ZnO is a polar crystal showing positive and negative polar planes, rich in Zn and O [Liu et al. 2007; Zhang et al. 2008]. Typically, it was believed that the morphology of ZnO crystals was related to both their intrinsic crystal structure and their external factors (Zhang et al. 2002, 2004). The possible mechanisms for the formation of single crystalline ZnO nanorod-like structures could be understood from the mechanism scheme given below.

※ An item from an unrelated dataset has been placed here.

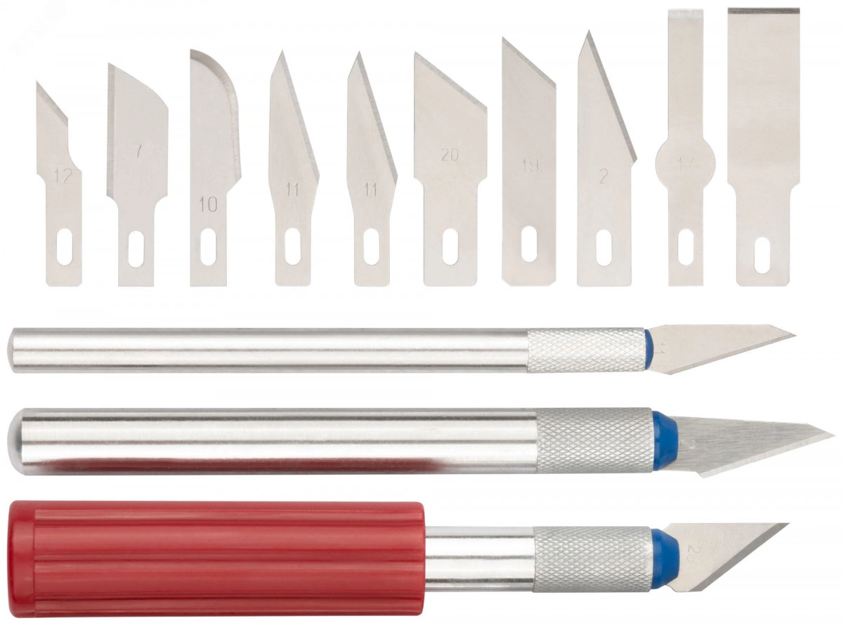 Острозаточенные лезвия способствуют высокой эффективности в работе|Закалка рабочих частей повышает твердость и износостойкость|10 сменных лезвий различных форм позволяют выполнить широкий спектр операций|Эргономичные ручки обеспечивают надежный хват

$$ \mathrm{Zn}\mathrm{O}+{{\mathrm{H}}_2}{{\mathrm{O}}_2}\to \mathrm{Zn}{{\mathrm{O}}_2}+{{\mathrm{H}}_2}\mathrm{O}\left( {\mathrm{nucleation}} \right). $$

(1)

In hydrothermal synthesis, the starting materials used were only ZnO powder and 30 vol% H₂O₂ aqueous solution, and ZnO₂ was the sole resulting solid. Thus, it was believed that ZnO₂ may be formed as shown in Eq. 1. Since no valence change of Zn and O occurred, the formation of ZnO₂ was just through a precipitation conversion reaction (Liu et al. 2012). That is, ZnO powder increasingly dissolved in the H₂O₂ aqueous solution under the relatively high-temperature and high-pressure hydrothermal environment, giving rise to Zn²⁺ ions. On the other hand, a part of H₂O₂ would dissociate in water to form peroxide anions (O₂ ²⁻) according to Eq. 2.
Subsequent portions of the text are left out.